If Tabby mountain is included definitely check up that way. My sister had a nice encounter with a group of 4 of them when she walked down through some quakies hoping to scare some deer up towards us and instead ended up hugging a tree right off the game trail as they all ran past. Luckily she wasn't hurt but it scared her pretty good.


----------



## Dahlmer (Sep 12, 2007)

wrightjerry said:


> Thanks everyone for the input so far!
> 
> 7MM...Unfortunately, the Northern boundary for the Wasatch Moose Tag is Parleys. We have come across some bulls up there above Mt. Dell while hunting the extended but he can only hunt South of I-80. We have seen some bulls in Lamb's and on the faces South of the highway so we'll do some looking there.
> 
> Thanks again and keep the info coming!


This!

I would keep a watch in Lamb's and above the shooting range in Parley's accross from Mountain Dell.

My dad had the East Canyon tag last year and I would find cows and water and sit on it.
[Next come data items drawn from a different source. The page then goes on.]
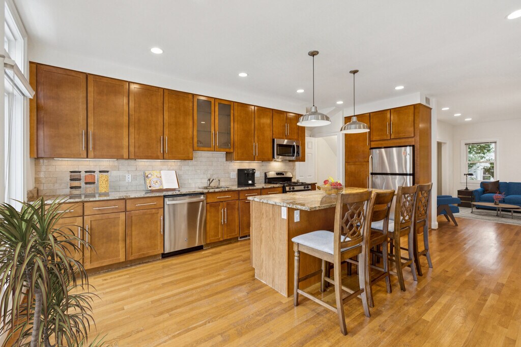 SUNNY, CHARMING, PORCH-FRONT ROW HOUSE - UNION MARKET/NOMA Gorgeous 3 bedroom 2 bath spread over 3 levels on a lovely quiet one-way street. Only 2 blocks to NoMa Metro, Union Market, Trader Joe’s, and steps to Whole Foods. Main floor has entrance hall with coat closet, living room with gleaming hardwood floors and exposed brick. Enormous combo dining / gourmet kitchen with huge island, granite and stainless, gas range, and sliding glass doors out to deck. Upstairs front bedroom has lofted ceiling, exposed beams, and brick, and walk-in closet, plus additional shoe closet. Equally large second bedroom has large closet, hardwood floors, and ceiling fan. Spacious all-white bathroom with double vanity, subway tile and bathtub / shower. Linen closet. Lower level has small desk/TV area with built-in bookshelf, plus full bath with shower, and large walk-out bedroom with exposed brick and sliding doors to covered porch. Full size washer/dryer and kitchenette with refrigerator and microwave. Large storage closet under stairs. Rear yard can be used as either patio or off-street parking and is fully fenced. Available immediately. One-year minimum lease. NO PETS.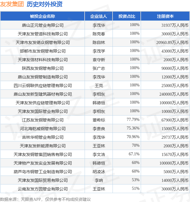 证券之星消息,根据天眼查APP显示,友发集团(601686.SH)新增一起对外投资事件,被投资公司为天津友发国际贸易有限公司,法定代表人李响,投资占比为53%。该公司从事批发业,注册资本为14000万人民币。目前,友发集团共存在对外投资24项,投资占比前20的项目见下表: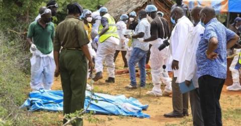 Os corpos exumados na zona de Shakahola, no subcondado de Malindi, no condado de Kilifi, mostram sinais de estrangulamento e de subnutrição, pois, alegadamente, o líder do culto denominado de Igreja Internacional da Boa Nova, Paul Mackenzie, pediu aos seus seguidores que jejuassem até à morte para “se encontrarem com Jesus”.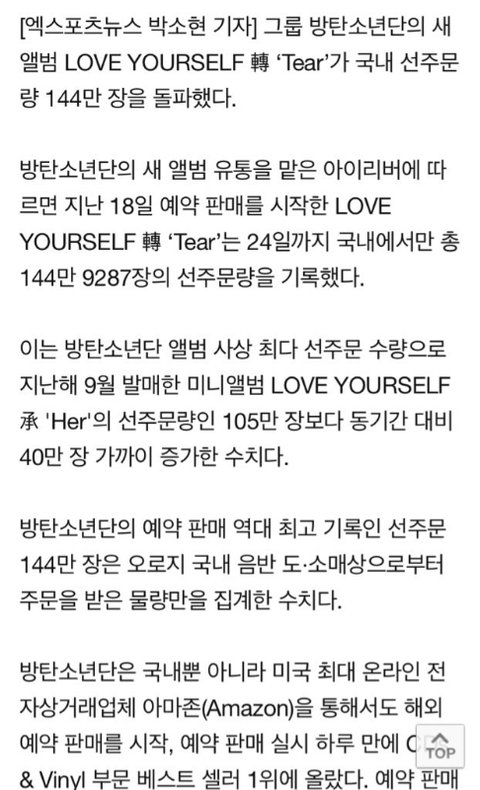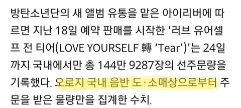 방탄 선 주문량 144만장 돌파함ㅋㅋㅋㅋ이것도 국내음반만 집계된거라는데 진짜 대단한듯 레알 어그로들의 말은 거꾸로이뤄지는게 맞는가봄...레알 어나더레벨이다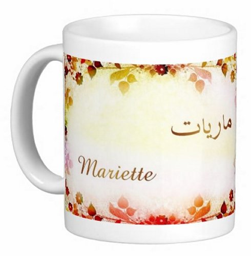 Mug avec le prénom "Mariette" écrit en français, en arabe (ماريات) et calligraphié de façon artistique en arabe sur la partie droite.

Once the rut starts the bulls start moving all over the place checking cows. We saw the bull my dad killed opening morning several miles from where he killed it. He was hanging with a cow that wouldn't leave his side even after he expired.


----------



## wrightjerry (Feb 23, 2016)

Well...we're covering the country but not turning much up. This unit is huge! We have found a few bulls and caught a couple on trail cams, but nothing yet that we'd consider shooters. There's still a few weeks before the opener so we're hoping to stumble on some more before then.

Any bowhunters out there run across any? If so, and you don't mind sharing, we'd love to hear from you. We've been humbled a little by the process so far and are realizing we need all the help we can get.
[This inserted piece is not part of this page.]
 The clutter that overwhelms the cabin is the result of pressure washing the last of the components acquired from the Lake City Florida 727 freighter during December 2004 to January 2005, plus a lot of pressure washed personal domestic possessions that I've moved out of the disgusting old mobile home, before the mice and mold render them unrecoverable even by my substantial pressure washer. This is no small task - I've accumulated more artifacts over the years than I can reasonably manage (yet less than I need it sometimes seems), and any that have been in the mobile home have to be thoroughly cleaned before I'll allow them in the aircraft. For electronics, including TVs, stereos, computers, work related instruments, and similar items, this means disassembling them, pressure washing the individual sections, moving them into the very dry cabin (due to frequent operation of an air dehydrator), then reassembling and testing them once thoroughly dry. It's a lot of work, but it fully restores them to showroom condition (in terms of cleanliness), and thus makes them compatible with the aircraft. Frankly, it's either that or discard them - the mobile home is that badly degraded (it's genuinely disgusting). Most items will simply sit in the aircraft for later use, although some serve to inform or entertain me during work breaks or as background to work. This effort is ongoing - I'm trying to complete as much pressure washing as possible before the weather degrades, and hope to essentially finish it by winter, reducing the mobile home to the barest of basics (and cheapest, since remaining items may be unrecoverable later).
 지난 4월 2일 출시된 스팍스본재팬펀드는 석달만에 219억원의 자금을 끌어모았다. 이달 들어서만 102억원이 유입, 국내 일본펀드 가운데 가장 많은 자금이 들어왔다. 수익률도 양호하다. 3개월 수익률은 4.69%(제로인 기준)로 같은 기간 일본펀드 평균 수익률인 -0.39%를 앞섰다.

Thanks all...oh and here are a few pics of some that we've seen:


----------



## cdbright (Aug 24, 2016)

well you found cows and water !


----------



## shauna9909 (Aug 18, 2016)

I drew out this same tag, on 2 points! I'm in the same position of not wanting to pay a guide $5000 + dollars so me and the husband have been hitting the mountains hard since we found out I drew. I'll be honest, I haven't found "the one" but they are definitely out there! I live in the Emery County Area, someone before me stated there are 2 moose up Huntington canyon, that isn't true...there are 2 bulls and a few cows...but if you live further north I wouldn't waste your time on them the ones in the Wasatch are bigger for sure. Good luck to you guys on the hunt!


----------



## hazmat (Apr 23, 2009)

Willow creek trailhead bjorkeman hollow area. There has been a very nice bull in there for the last 3 weeks


----------



## bnorth (Feb 2, 2014)

I seen this one up near co op above Strawberry Reservoir the other night. Sorry for the quality of photo but it was near dark and for some reason my phone camera is dying out on me.


----------



## bekins24 (Sep 22, 2015)

bnorth said:


> I seen this one up near co op above Strawberry Reservoir the other night. Sorry for the quality of photo but it was near dark and for some reason my phone camera is dying out on me.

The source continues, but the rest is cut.